跟所有甜蜜幸福的夫妻一样,婚后不到两个月,生活开始回归贫穷的本质,毕竟靠幻想并不能解决温饱问题。生活中的很多鸡毛蒜皮的小事都能引发一场硝烟弥漫的大战,渐渐地,程桔秀和李泽文开始为了一些生活琐事而争吵。李泽文是个老实巴交的农民,好不容易到了中年才讨到一个老婆,他对老婆可谓言听计从,把所有的精力和心思都放在了刨土地上,他最大的希望,就是能多收一点粮食,填饱肚皮;当程桔秀知道眼前所谓的三间大瓦房,全部都是靠借钱而兴建、债务还需要她来还的时候,她开始变得暴躁不安,动不动就发脾气、吵架。而家里的开支、生活用度,都是程桔秀一手安排,也就是说,她掌握着整个家庭的财政大权。
这天早上,李泽文天不亮就起床到地里割小麦去了,眼看这几天小麦正是成熟收割的时候,他怕再不收割要是遇上梅雨季节就完蛋了。起床的时候,他推了推还在酣睡的程桔秀:
“起来了!割麦子去!”
农忙时节就得抢收,所以那段时间会特别累,李泽文当然希望老婆能从中帮忙,以减轻他的负担。这时节,沙家湾全部男女老少都出动呢,都得在田里忙活呢。

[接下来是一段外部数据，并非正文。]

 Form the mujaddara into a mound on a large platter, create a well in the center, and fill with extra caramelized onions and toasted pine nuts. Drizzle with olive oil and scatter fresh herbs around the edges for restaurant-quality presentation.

程桔秀翻了个身,对李泽文打扰了她的美梦颇有些不耐烦:
“去去去,让我再睡会儿——”
李泽文在床前垂立了一会儿,无奈地说道:
“那你就少睡一会儿……天要下雨了,得赶紧把麦子收割回来!”
走出房门的时候,年过六旬的老母王开秀已经摸索着起床了。
“妈,你咋不多睡会儿?天还没开亮口呢。”
王开秀咳嗽了一阵,没有说话,跟着儿子出了门。
推门出去的时候,路上依然漆黑一片,深一脚浅一脚地跨下门口几步石梯,就上了一条羊肠小道。小路在夜色的映衬下泛着白光,母子俩来到地里,放下枪棍、背篼,摸出镰刀,开始割起来。

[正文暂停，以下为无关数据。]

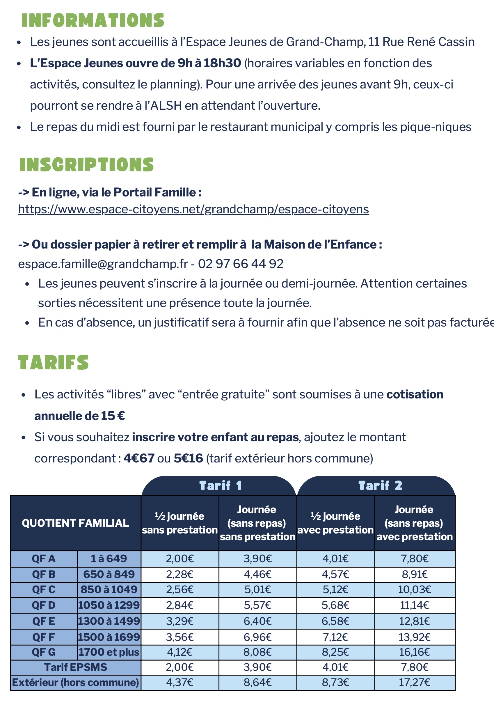 Ces activités sont destinées prioritairement aux enfants et aux jeunes issus de la commune de Grand-Champ. Elles se déroulent à l'Espace Jeunes - 11 Rue René Cassin, 56390 Grand-Champ.

“咔嚓……咔嚓……”刀锋在麦径上扫过的声音,在寂静的黎明听起来格外悦耳。远远的,有布谷鸟的声音传来,像是在睡梦中一般。
李泽文是沙家湾劳动的第一把好手,此刻,他更是浑身是劲,镰刀上下翻飞,偌大一块麦田,已经露出了一个巨大的缺口。
是的,还有什么比收获更让人内心充实的呢?想想看,从耕地、碎土、播种、施肥、灌水、锄草,到收割,哪一个步骤不是他用汗水换来的?今年风调雨顺,老天有眼,既没有干旱也没有雨涝,硬是顺顺当当地到了手,他琢磨着今年能打上一千多斤小麦呢。这些小麦,送进磨房,可以直接兑换成美味可口的面条……想到这里,他的劲头更加足了。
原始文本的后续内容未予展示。